Second, gatherings like these remind us that the mission is bigger than we are. We have been sent to seek and to save the world that God so loves. And no one person…no one congregation…no one association…not even one denomination…is ever going to be able to fulfill that mission alone. It takes all kinds people…all kinds of approaches…and all kinds of styles and emphases. As a result, we do well to partner with others (and not just with our dollars, but also with our prayers and our hands-on ministry) because when we do so, we take one more step toward accomplishing the grander purpose for which we exist.

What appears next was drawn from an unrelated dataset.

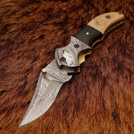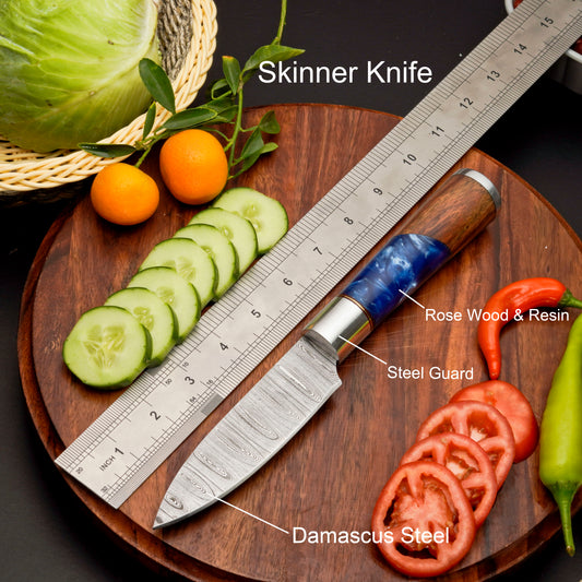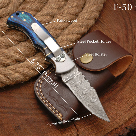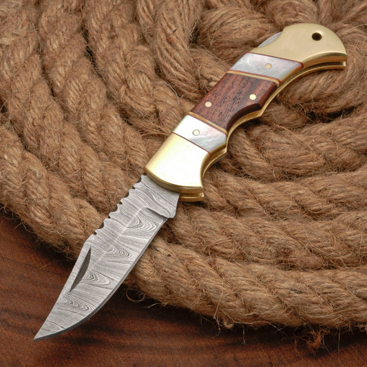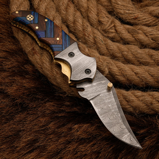 Beautiful knife. The Damascus steel looks awesome and I love the blue pakka wood. If you have small hands this won't be for you. The handle is big but it fits my paws fine. This knife is not a full tang so I won't be using it as a bush craft tool. It's suitable for daily carry as well as self defence and its a great conversation piece.

Come to think of it, these aren’t bad principles for us to keep in mind as we nurture our partnerships within the family that we call Calvary Baptist Church. We are a body…and the mission is bigger than we are. And so it takes all kinds of folks—folks who like traditional worship and folks who like contemporary worship…folks who like the SBC and folks who like the CBF…folks who are financially secure and folks who are financially struggling…folks who need grace and…(well, that includes all of us, don’t you think?)—it takes all of us to be the Christ-centered, caring church that God has called us to be.

I’m so thankful to be part of this body, and I can’t wait to see all the things that God will do within and among and through us as we partner in mission together. May God bring us together around the cross of our Savior, and may His love compel us to offer our lives to Him, to each other, and to the mission that we share.